WUXL
- Macon, Georgia; United States;
- Broadcast area: Macon metropolitan area
- Frequency: 1400 kHz
- Branding: My City 104.5

Programming
- Format: Urban contemporary gospel

Ownership
- Owner: Clifton G. Moor; (B&GRS Enterprises, LLC);
- Sister stations: WDDO

History
- First air date: April 20, 1945
- Former call signs: WNEX (1945–2021)

Technical information
- Licensing authority: FCC
- Facility ID: 54034
- Class: C
- Power: 1,000 watts unlimited
- Transmitter coordinates: 32°51′7.5″N 83°39′10.6″W﻿ / ﻿32.852083°N 83.652944°W
- Translator: 100.5 W263CA (Macon)

Links
- Public license information: Public file; LMS;
- Webcast: Listen live

= WUXL =

WUXL (1400 AM) is a radio station in Macon, Georgia, owned by Clifton G. Moor, through licensee B&GRS Enterprises, LLC. It is an urban contemporary gospel radio station.

==History==

WUXL signed on the air April 20, 1945, as WNEX, an affiliate of the Mutual Broadcasting System.
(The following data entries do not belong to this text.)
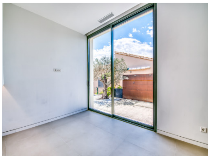
One of 3 bedrooms
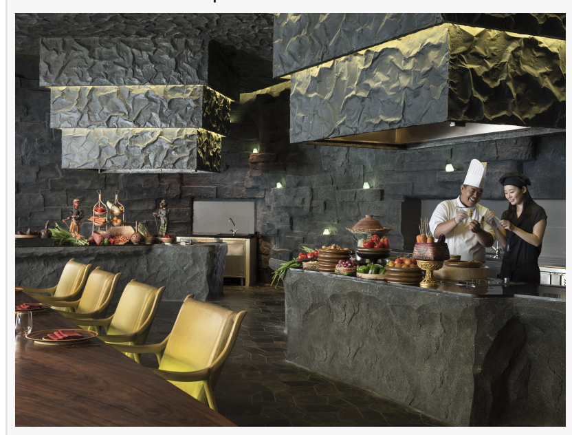
Balinese Cooking Class
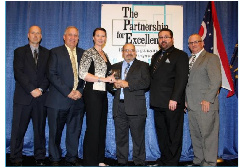
Braun Ambulance, Van Wert, OH
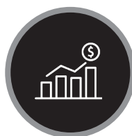
NCAA Financial Reporting System
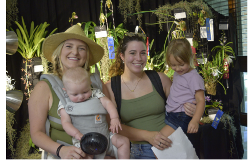
These young mothers had a great time checking out the orchid displays!
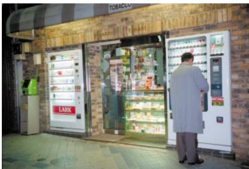
Cigarette vending machines on the streets of cities in Japan, like these ones seen in Kobe last November, make access easy for children.

Statistics make the story obvious. Japan's Tobacco Problems Information Centre estimates that minors consumed approximately three billion packs of cigarettes in 1996. This translates to roughly eight million packs obtained by minors each day. If late night vending machine operations
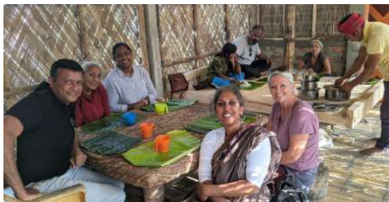
Small Group Curation & Interactions
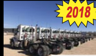
PETE Blower Trucks - YD1
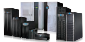
Delta offers full range UPS solutions from 600 VA to 4000 kVA to fulfill your power security needs.
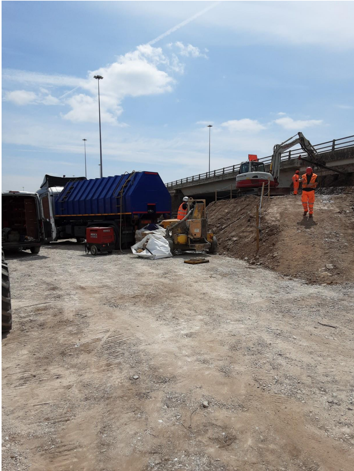
Soil nail installation works ongoing at the northern side of the Dunkettle Interchange Roundabout.
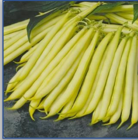
Yellow Beans Jul -Sep
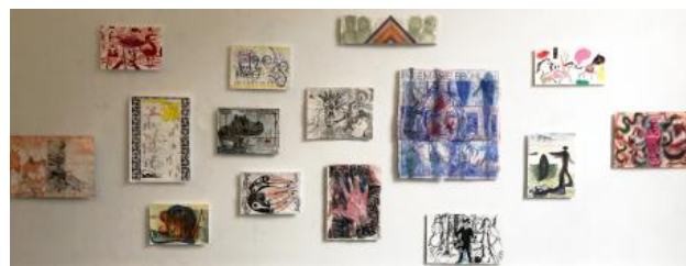
TATO(A)GE expo, 2023 works on paper, various
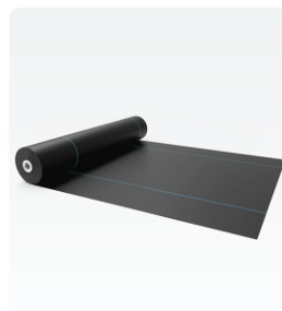
PP Ground Cover
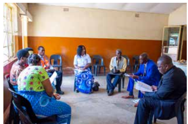
Mtima Woyera Parish (Mtima Woyera Deanery)
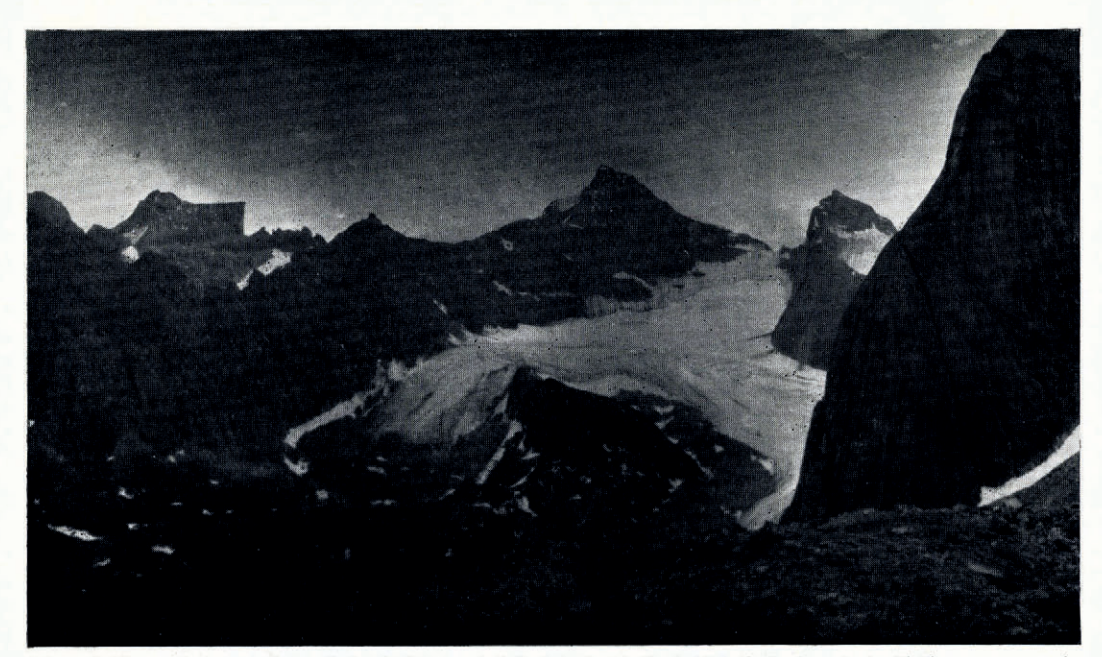
Fig. 4A. Cirque glacier complex at the head of the north fork of Arrigetch Creek. Note the ice in contact with the younger moraine substage. (Photograph by P. S. Smith; 570, 16 July 1911)

(4) The ice-cored moraine in the foreground has subsided an average of 2-3 m. from its 1911 position (dashed line, Fig. 4B). The down-slope movement of its surface boulders indicates continued spilling of boulders over the circue threshold.
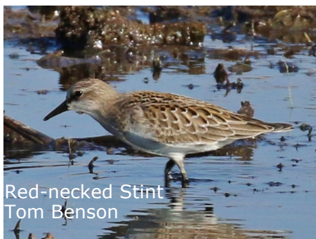
Red-necked Stint Tom Benson

While not a first county record (it was in fact the 9 th record), a MAGNIFICENT FRIGATEBIRD at Big Bear Lake (Aug 27) challenges the Buff-breasted Sandpiper for the title of best bird in the county during the period. Many of the good birds this fall have been at Harper Dry Lake or Kramer Junction solar evaporation ponds. The former hosted a SANDERLING (Aug 29-30), RED-THROATED PIPIT (Oct 12), PALM WARBLER (Oct 15), SHORT-EARED OWL (Oct 8-17), LAPLAND LONGSPUR (Oct 10-17), and SURF SCOTER (Oct 17); with only one record prior
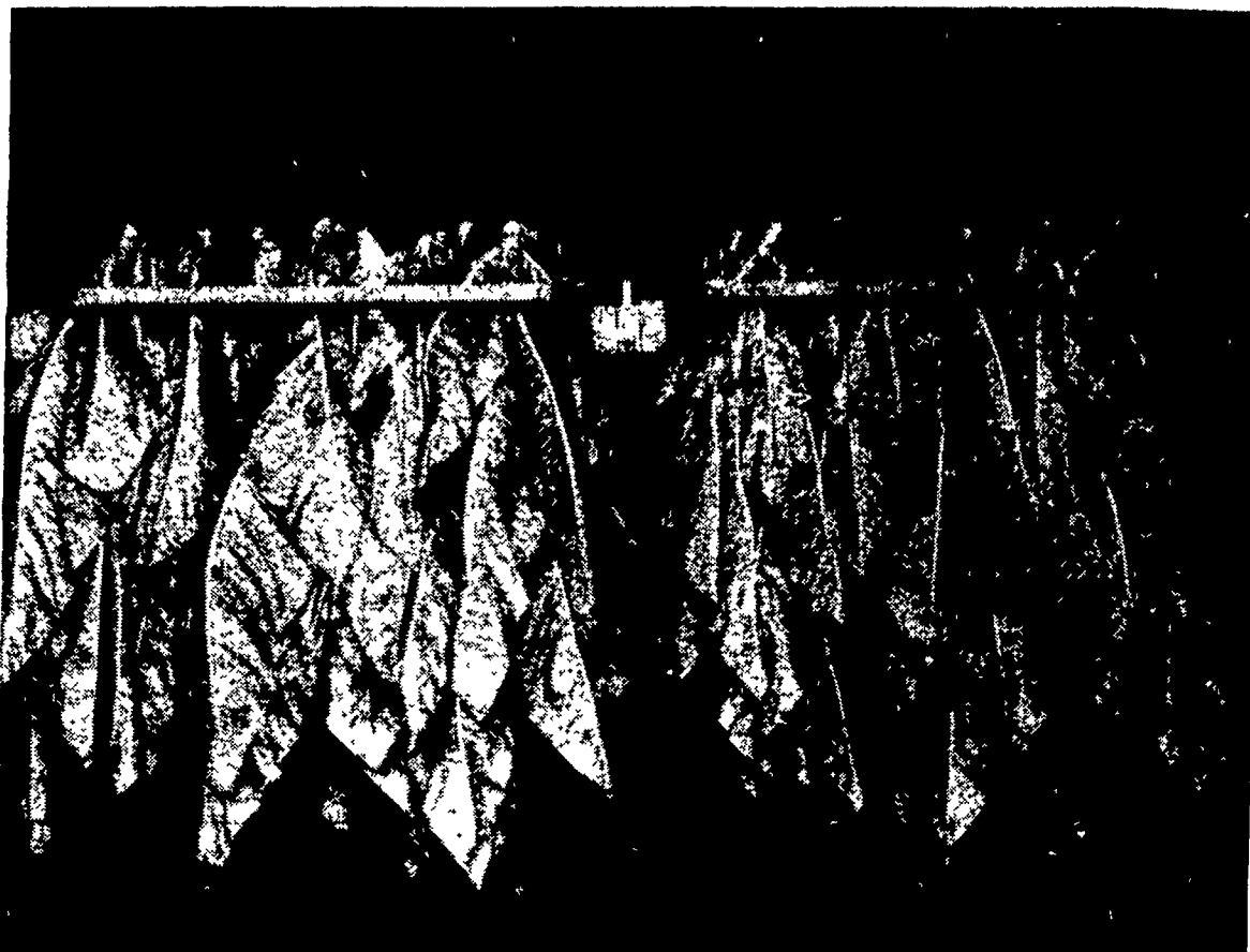
One of the busiest seasons of the year in Lancaster farming is at hand, as the heavy crop of tobacco moves from fields to sheds. Here is a view of a truckload at the entrance to barns on the new state tobacco experimental farm near Landisville.

Witmer also had three cows in this year's county 3000-pound fat club. They included Sue's Peerless Santa, with 107,151 pounds milk and 5177 pounds fat in 10 years, Meadow View's Agnes Gloria, 96,140 and 4572 in 9 years, and Meadow View's Red Blossom, 70,312 and 3237 in just over six years.
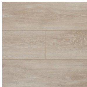
ID4960 DUB SEDNESS
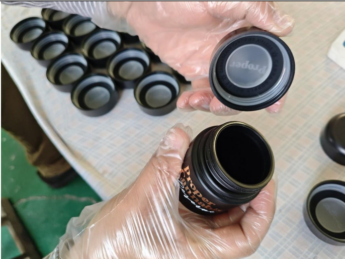
CR function test
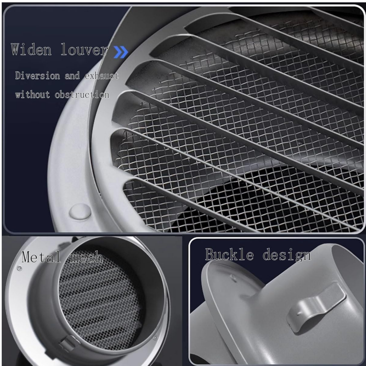
Image: Detailed view of the widened louvers, protective metal mesh, and secure buckle for installation.
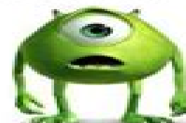
Figure 1 Second Base
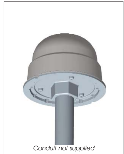
Pendant Mount Configuration RTO-BW07-004
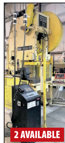
USI CLEARING 75-TON OBI PRESSES
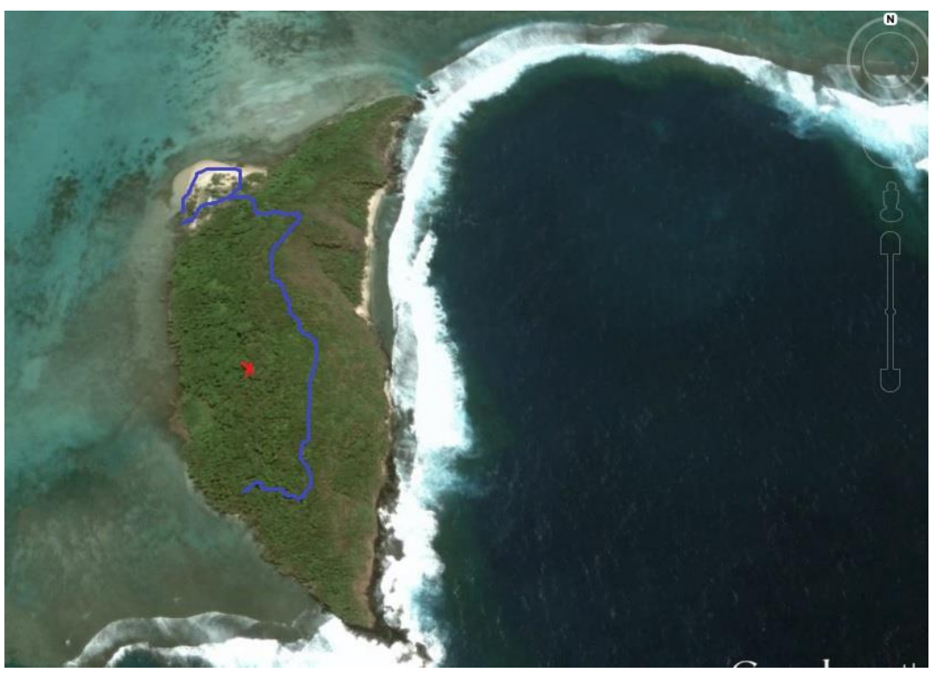
Map 3. In blue, the track followed on 29 October 2015 across Namua island. Red cross: location of roost of fruit bats Pteropus tonganus.
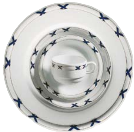
413800 Charlottenburg Blau-Gold - Farbige Kreuze
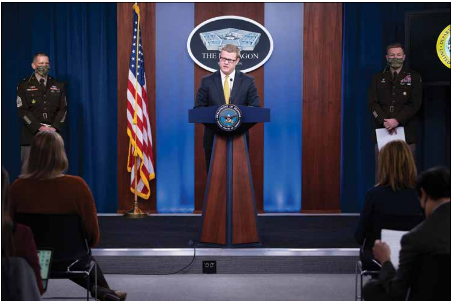
Army Secretary Ryan D. McCarthy briefs the media on the Fort Hood Independent Review, with SMA Michael A. Grinston, and Army Chief of Staff, GEN James C. McConville, at the Pentagon on 8 December 2020.

interest. 25 With this in mind, caring for the Family must be a commander's paramount concern. Caring for Family members is a high-stakes situation and getting it right can have the dual effect of addressing the Family's concerns while simultaneously fostering confidence in the command and the Army.

In addition to Mutual programming, the station's format included country music, local personalities and newscasts. The station was started by Al Lowe Sr., his brother Ed Lowe, Peyton Anderson and Ellsworth Hall; the licensee was the Macon Broadcasting Company. Charlie "Peanut" Faircloth (1927–2010) was one of the first announcers. Faircloth hosted "Farm Frolics", a show for the early morning risers. He would also entertain listeners on "Hillbilly Hit Parade" airing daily at 12:15 p.m. On Saturday nights, he could be heard on a show called "Heaps of Corn". By 1948, Faircloth's "Hoedown Party" was airing nationwide on the Mutual network.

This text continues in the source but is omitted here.